To test this theory, Lee’s team ran several experiments on a dataset of reviews, using a combination of linguistic study and machine learning to uncover patterns that revealed whether a fictional review could be reliably recognized. The research combines predictive technology and pattern recognition with an analysis of memory and psychology to create a reliable method for uncovering false online reviews. Not only does it contribute to a vital discussion on improving consumer experiences, but it also approaches that discussion from a fresh angle that asks questions about how these disciplines can interact in business settings.

Recognizing real and fake reviews matters for more than just online shopping—after all, physical products aren’t the only thing being reviewed. People also take to the internet to discuss their experiences at restaurants, theme parks, and other public places, meaning that the reasons to falsify reviews also extend to those experiences. “With the rise of digital platforms, there has been an increased incentive to generate fictitious content. It’s a huge problem, and I think it’s only going to become a bigger problem in the future,” Lee said. “At present, sites like Amazon, Yelp, and TripAdvisor are filtering out hundreds of millions of reviews that are believed to be falsified.” With so many people using online reviews to inform all sorts of decisions, it’s even more critical to recognize when those reviews are genuine to understand what they’ll receive.

As an expert in digital marketing with a deep interest in the power of social media to influence purchases, Professor Lee’s interest in fake reviews came naturally. After earning his DBA in marketing from Harvard Business School, he taught courses at MIT Sloan, worked with Disney and BMW on digital marketing topics, and gained cross-cultural perspectives on technology as a faculty member at NYU’s Shanghai campus.

I was drawn to this area of work because I wanted to understand more about culture and how social influence works, why people buy certain brands, and how people convince each other to buy things online.”


Jeff Lee

Professor of Marketing, Kogod School of Business

User-generated content—reviews and social media posts, for example—provide a window into the extent of social influence on spending habits.
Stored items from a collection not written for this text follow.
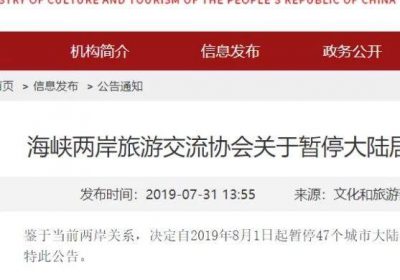 国家文化和旅游部官方网站昨天(7月31日)中午发布《海峡两岸旅游交流协会关于暂停大陆居民赴台个人游试点的公告》:鉴于当前两岸关系,决定自2019年8月1日起暂停47个城市大陆居民赴…
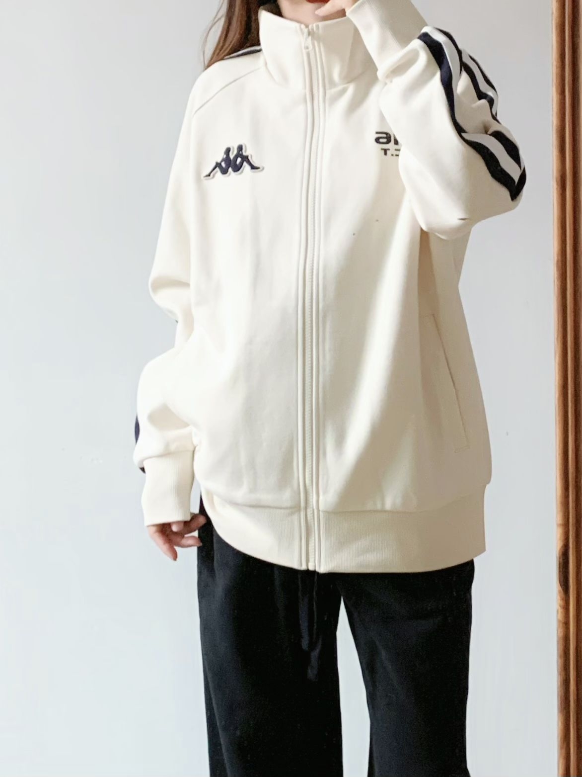 随性慵懒look就靠这套啦 炒鸡奶呼呼的配色,很百搭✌️ 实物也好看!!立领设计酷酷滴~ 版型也挺有活力滴!! 日常或者通勤穿都很合适🚶♀️ 随便搭个板鞋就很好看噜 #kappa #开春穿搭爆改 #春日少年
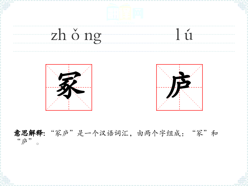 - 词源:“冢”和“庐”都是古代汉语词汇,历史悠久。
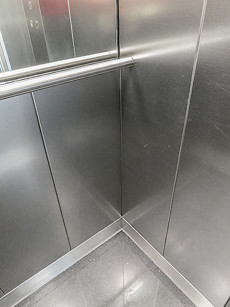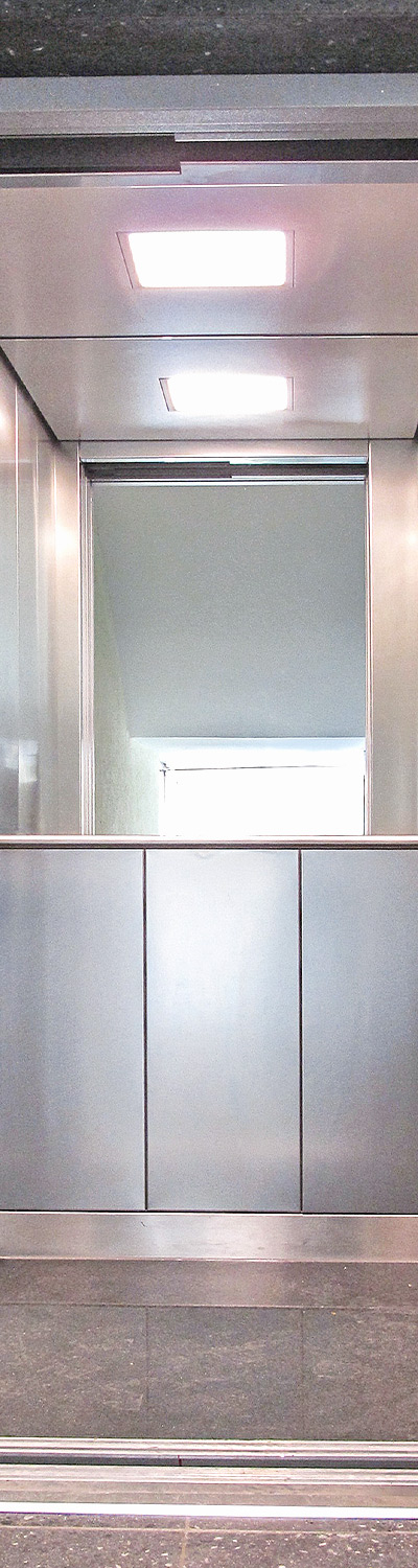 - Erneuerung der Aufzugskabine mit Wänden aus pflegeleichtem, geprägtem Edelstahl und hochwertigem Steinboden
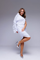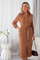 Платье женское из вельвета полуприлегающего силуэта с втачным рукавом. Перед платья с горизонтальным швом по талии. Верхняя часть с вытачками по линии груди, нижняя часть со складками в области талии и карманами что обеспечивает прекрасную посадку и подчеркивает фигуру. Разрез по переду платья добавляет нотку игривости и удобства. В комплекте съемный ремень.
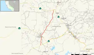 Except where prefixed with a letter, postmiles were measured on the road as it was in 1964, based on the alignment that existed at the time, and do not necessarily reflect current mileage. R reflects a realignment in the route since then, M indicates a second realignment, L refers to an overlap due to a correction or change, and T indicates postmiles classified as temporary (for a full list of prefixes, see California postmile § Official postmile definitions).[7] Segments that remain unconstructed or have been relinquished to local control may be omitted. The entire route is in Amador County.

Lee’s interest in the impact of this content has motivated his research into fake reviews and being able to sift through them to find genuine consumer responses that, in turn, answer his other questions. “I’m generally interested in the production of digital content by consumers and how this content can be analyzed,” he said. “At this point, I’m very interested in using the richness of social media data such as text, images, and videos to understand consumer behavior and successful brand communications better.”
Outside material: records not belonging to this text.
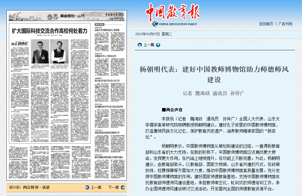 本报讯(记者 魏海政 通讯员 孙祥广)全国人大代表、山东大学儒学高等研究院特聘教授杨朝明建议,建好孔子故里的教师博物馆,打造赓续民族文化记忆、保护教育历史遗产、涵养教师精神家园的“新杏坛”。
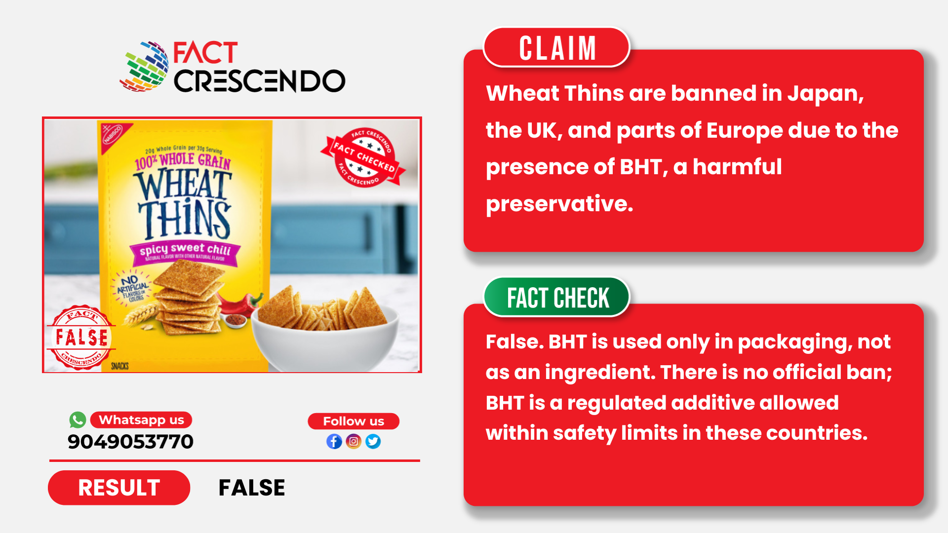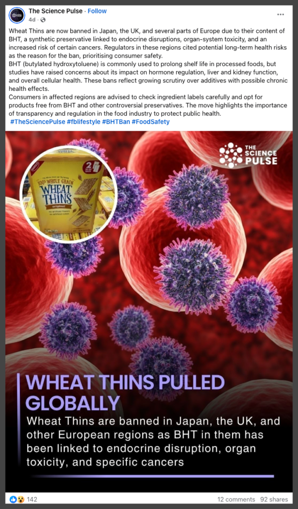 A claim circulating widely on social media platforms such as Facebook, Instagram, and LinkedIn alleges that Wheat Thins have been banned in Japan, the United Kingdom, and parts of Europe due to the presence of butylated hydroxytoluene (BHT), a synthetic preservative linked to serious health risks. The claim often frames BHT as a harmful chemical associated with endocrine disruption, organ toxicity, and cancer. However, a review of regulatory frameworks, product composition, and scientific evidence shows that this claim is misleading.
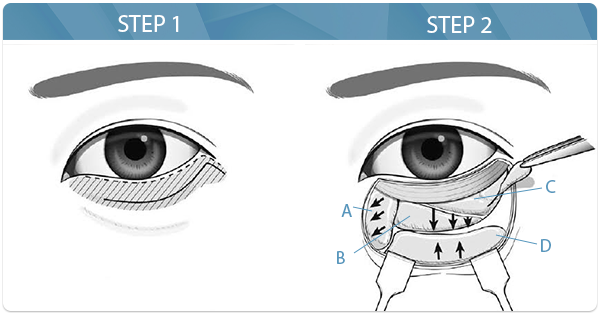所謂眼袋複合式手術: 是利用睫毛下方的皮膚傷口,處理脂肪膨出,修剪多餘皮膚 ,並提升中臉下垂的組織 (SOOF), 這樣複合式的處理, 可以讓下眼部的曲線更加平順緊緻!

It’s a fascinating time to be exploring such topics. With digital innovation accelerating all the time, the capabilities of people online to communicate globally and inform others’ choices are frequently changing. “During my time in marketing academia, several digital platforms have risen,” Lee said. “This has given researchers a never-before-seen opportunity to study cultural dynamics by analyzing what people say and do online.” Right now, for instance, business and technology circles (and beyond) are deeply fascinated by the potential role of generative AI in content creation going forward, and Lee is intrigued by how notable chatbot ChatGPT could be used to search for and consume information.

With all these changes in our abilities to give and take in information, students must grasp the role of social technology in those abilities. Here at AU, Professor Lee teaches Fundamentals of Marketing and Business for Communications (MKTG250), a course designed for non-Kogod majors to learn more about the intersection of marketing and media. With his research background and professional experience, Lee is uniquely positioned to impart lessons he’s learned to his students.

“I love to bring my outside experiences into the classroom whenever possible, and discussions in the classroom shape my research interests too. When we talk about digital marketing topics, I love to talk about working with BMW on social media strategy or about my efforts at detecting fake reviews,” he said. “I think students enjoy hearing these stories, and I hope to have even more stories to tell in the future.”